Hello Bill. Welcome to the RouterForums. Glad to have you participate in our forums.


----------



## Flyer (Apr 29, 2010)

Bj,

Looks like exactly what I need, except for the 1/2" shank. I have a Makita router with a 1/4" shank. However, maybe it's time to step up to another router that will give me more flexibility.

All of the responses have been a great help. Thanks to everyone who responded to this newbie.

Bill


----------



## bobj3 (Jan 17, 2006)

Hi Bill

The bit removes a ton of stock at one time that's why you need 1/2" router to take it on ..stop by Sears and pickup one of the router combo kits for about a 100.oo bucks then you will be a happy camper.

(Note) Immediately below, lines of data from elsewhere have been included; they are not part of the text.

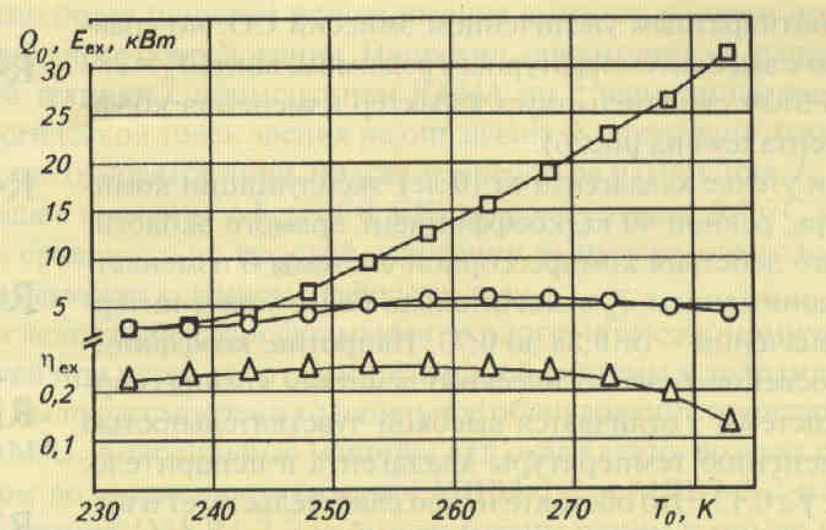5. Rice. Fig. 4. Dependence of energy characteristics on the boiling point in the compressor system when operating on R22: □ - cooling capacity Qo; o - exergy Ea; A - exergy efficiency
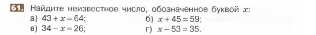 Необходимость находить неизвестные компоненты действий приводят к простейшим уравнениям.
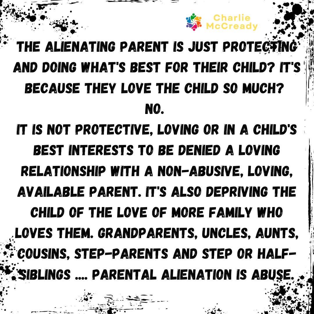 Denying a child a healthy and affectionate relationship with a non-abusive and caring parent is neither protective nor loving, and it certainly doesn’t serve the child’s best interests. This denial robs the child of the opportunity to experience love, support, and guidance from an emotionally available and nurturing parent. This abusive behaviour intentionally obstructs and robs the child of the love and support of an extended family network that genuinely cares for them. This includes grandparents, uncles, aunts, cousins, step-parents, and step or half-siblings. These family members often contribute to a child’s emotional growth, sense of belonging, and overall well-being.
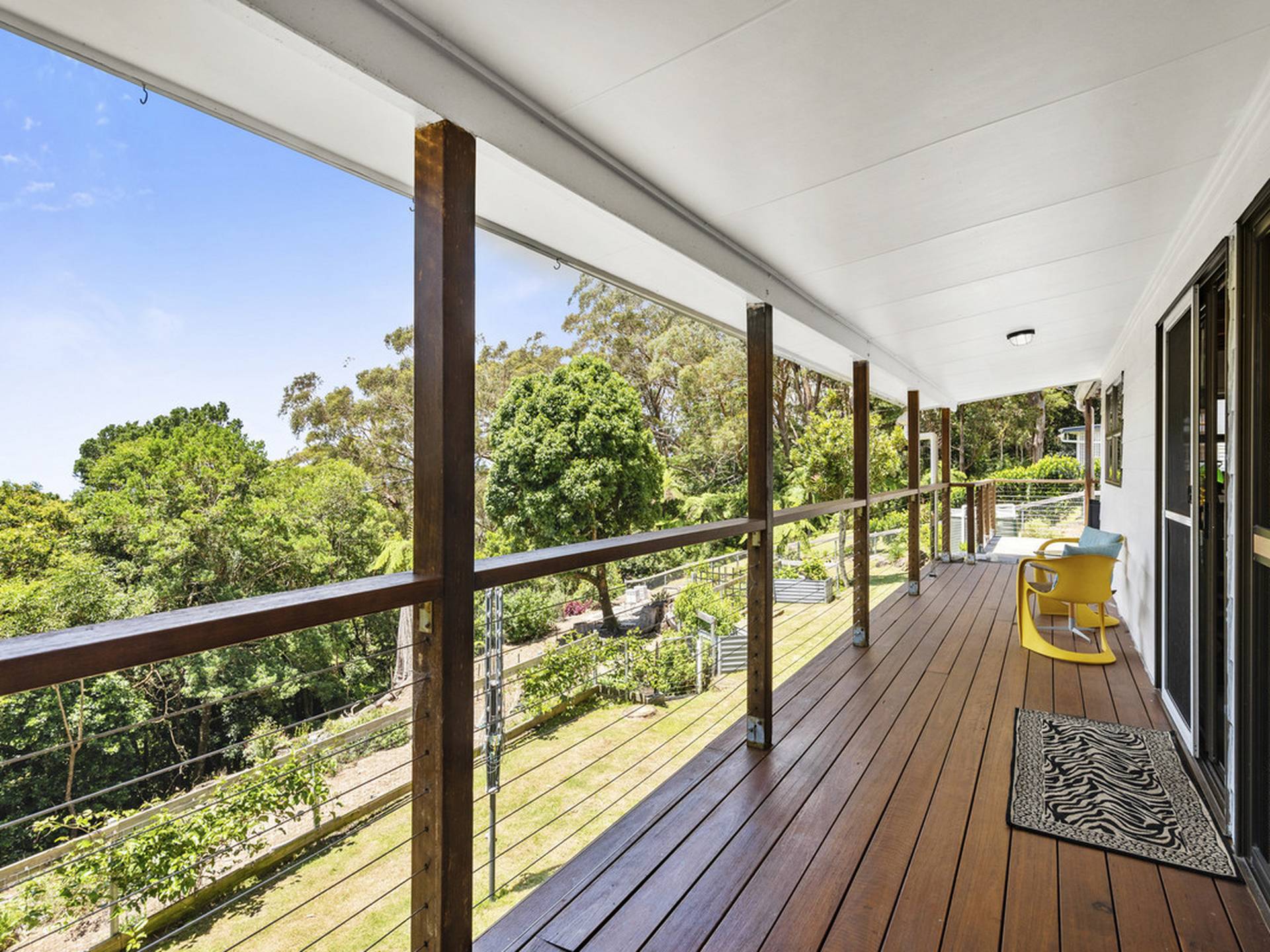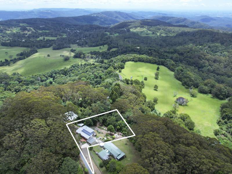 Set back at the end of a long gravel driveway, this 28 square (260m2) split-level designed home offers magnificent high easterly views across the treetops of the rainforest giving you glimpses of the ocean by day and the glittering lights of the Gold Coast skyline by night. The south easterly breezes, high louvre windows and 3 split system air conditioners keep you cool all summer, while the woodburning fireplace and the warm settings of the air conditioning keeps you as 'snug as bug in a rug' all winter long!
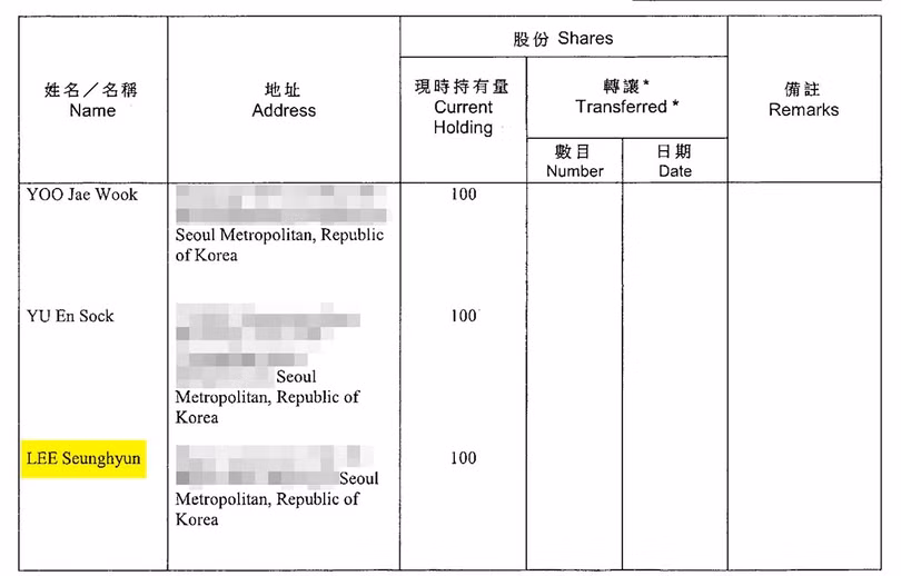Hai cổ đông khác của BC Holdings là Yoo Jea Wook và Yoo In Sook, cùng là người Hàn Quốc.
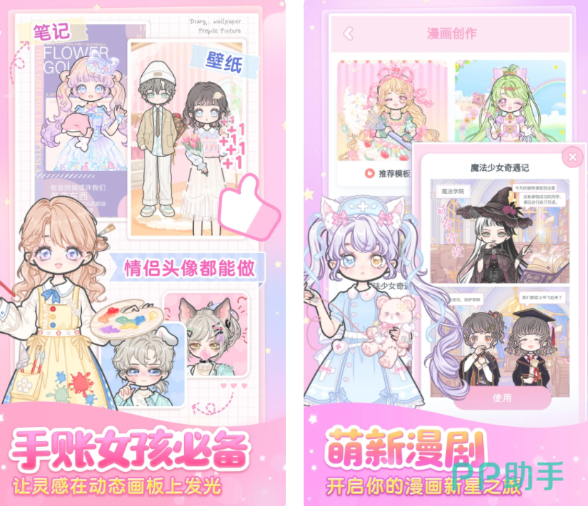 软件里面有非常多二次元萌动卡通人物素材,用户可以制作不同造型的主角,配上有趣的气泡文字连贯而成漫画。在漫画模板上,有横版、斜格、特写镜头模板,在创作社区上看到好玩的漫画,还能使用做同款功能,获取其他人的漫画模板,快来开启你的漫画新星之旅吧。
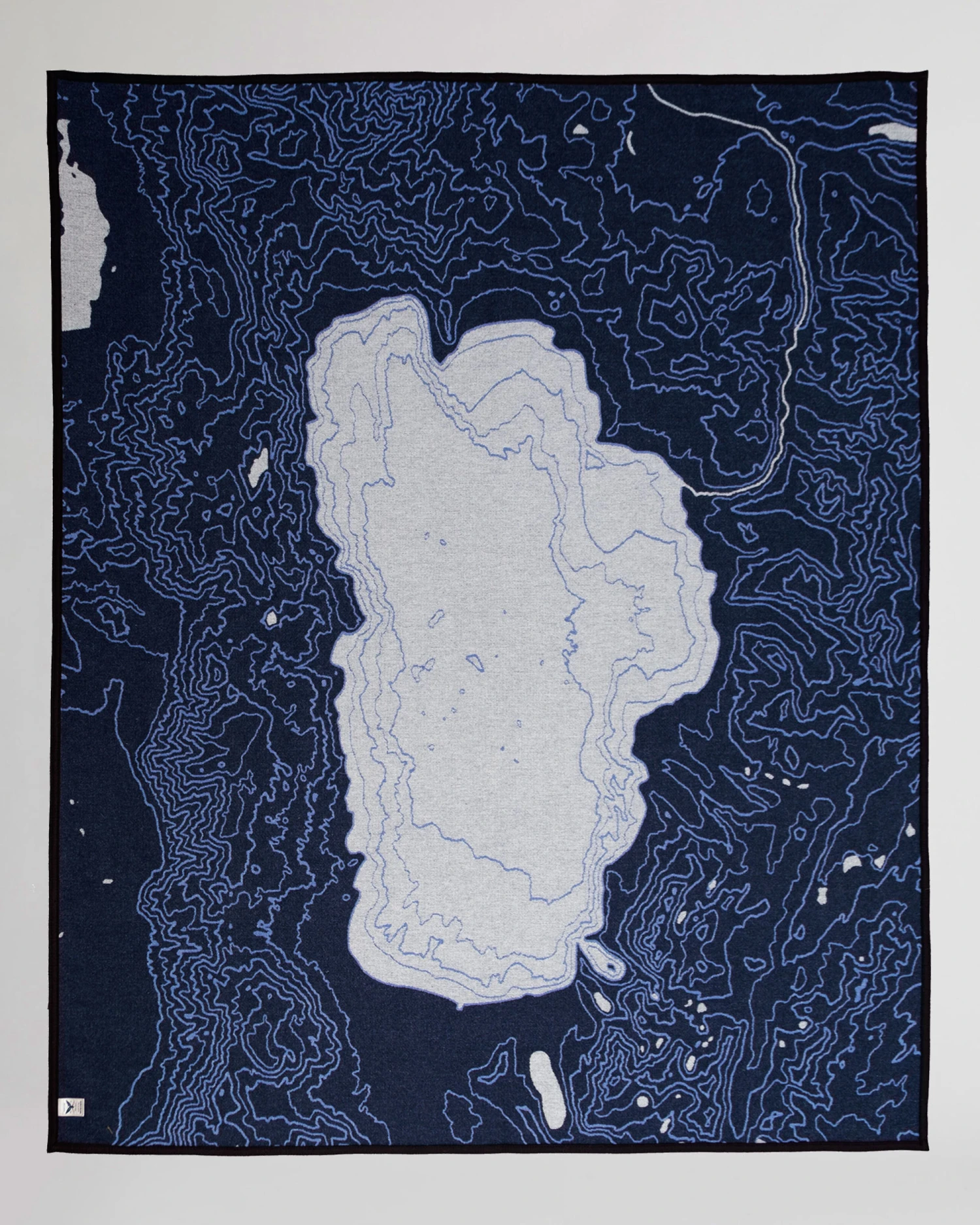A woven-in USA wool jacquard blanket representing more than 1,000 square miles of the Lake Tahoe region of California and Nevada, based on topographic data. At the center is Lake Tahoe, in a brilliant blue with bathymetric lines showing its spectacular depth. This blanket also celebrates the topography of the region’s mountains, stretching from Mt. Rose at the north to Mt. Tallac at the south. Created in conjunction with North Drinkware®.

http://www.sears.com/shc/s/p_10153_...inate+Trimmers&prdNo=3&blockNo=3&blockType=G3


========



Flyer said:


> Bj,
> 
> Looks like exactly what I need, except for the 1/2" shank. I have a Makita router with a 1/4" shank. However, maybe it's time to step up to another router that will give me more flexibility.
> 
> ...


----------



## Flyer (Apr 29, 2010)

Bj and all,

Looks like exactly what I need. Thanks for everyone's input.

Bill


----------